• **Record extracts**:
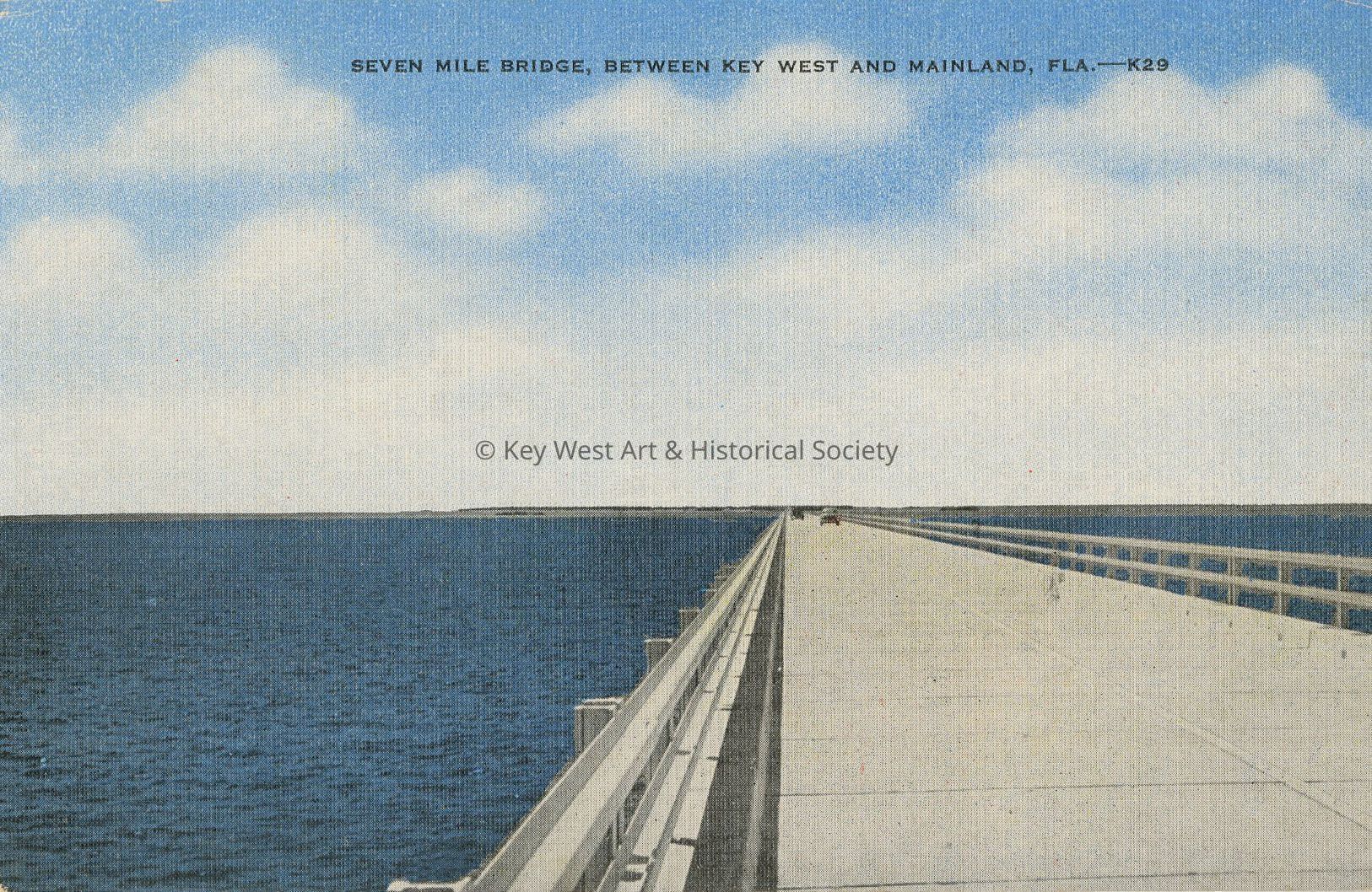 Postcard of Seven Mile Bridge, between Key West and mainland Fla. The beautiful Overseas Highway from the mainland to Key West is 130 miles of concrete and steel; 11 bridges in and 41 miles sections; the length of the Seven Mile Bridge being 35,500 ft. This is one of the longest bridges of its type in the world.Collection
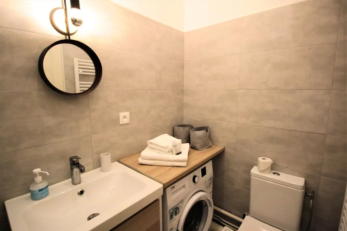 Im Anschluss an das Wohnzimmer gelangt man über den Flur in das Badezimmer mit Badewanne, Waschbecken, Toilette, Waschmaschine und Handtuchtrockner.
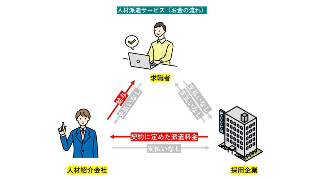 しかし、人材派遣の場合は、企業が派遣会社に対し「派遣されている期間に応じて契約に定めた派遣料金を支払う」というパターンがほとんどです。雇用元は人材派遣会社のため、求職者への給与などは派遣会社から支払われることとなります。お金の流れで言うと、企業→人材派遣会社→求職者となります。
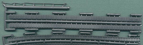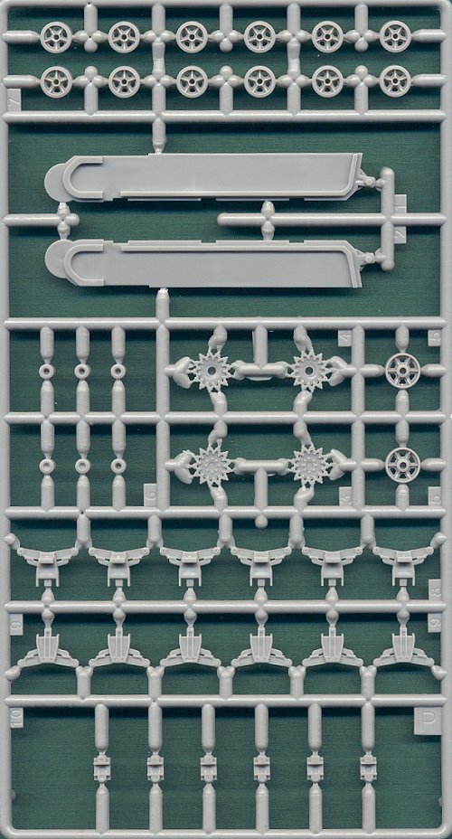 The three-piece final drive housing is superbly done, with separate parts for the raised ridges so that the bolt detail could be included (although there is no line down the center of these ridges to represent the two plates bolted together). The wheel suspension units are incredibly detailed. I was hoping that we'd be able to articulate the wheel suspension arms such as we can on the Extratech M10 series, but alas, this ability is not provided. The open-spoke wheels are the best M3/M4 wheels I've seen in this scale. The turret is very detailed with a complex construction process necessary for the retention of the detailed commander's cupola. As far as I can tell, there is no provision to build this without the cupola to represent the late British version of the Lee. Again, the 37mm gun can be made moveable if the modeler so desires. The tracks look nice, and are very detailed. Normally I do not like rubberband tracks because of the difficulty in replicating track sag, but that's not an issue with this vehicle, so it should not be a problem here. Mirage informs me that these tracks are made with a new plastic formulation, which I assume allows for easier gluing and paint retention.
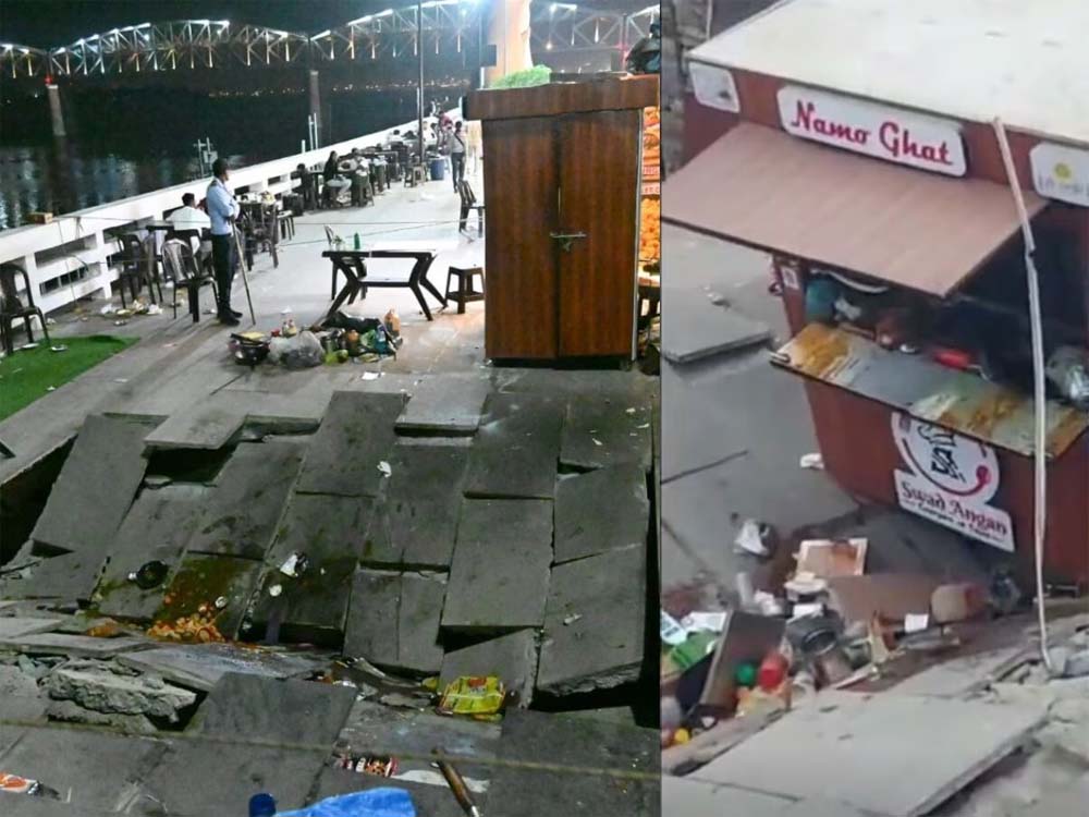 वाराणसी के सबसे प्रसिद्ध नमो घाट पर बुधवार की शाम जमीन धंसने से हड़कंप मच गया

• **Exercise directions**: From the first line of the listing above, repeat every line through the one holding "しかし、人材派遣の場合は、企". Both ends count, and pictures stay out.

• **Solution to this exercise**:
 Postcard of Seven Mile Bridge, between Key West and mainland Fla. The beautiful Overseas Highway from the mainland to Key West is 130 miles of concrete and steel; 11 bridges in and 41 miles sections; the length of the Seven Mile Bridge being 35,500 ft. This is one of the longest bridges of its type in the world.Collection
 Im Anschluss an das Wohnzimmer gelangt man über den Flur in das Badezimmer mit Badewanne, Waschbecken, Toilette, Waschmaschine und Handtuchtrockner.
 しかし、人材派遣の場合は、企業が派遣会社に対し「派遣されている期間に応じて契約に定めた派遣料金を支払う」というパターンがほとんどです。雇用元は人材派遣会社のため、求職者への給与などは派遣会社から支払われることとなります。お金の流れで言うと、企業→人材派遣会社→求職者となります。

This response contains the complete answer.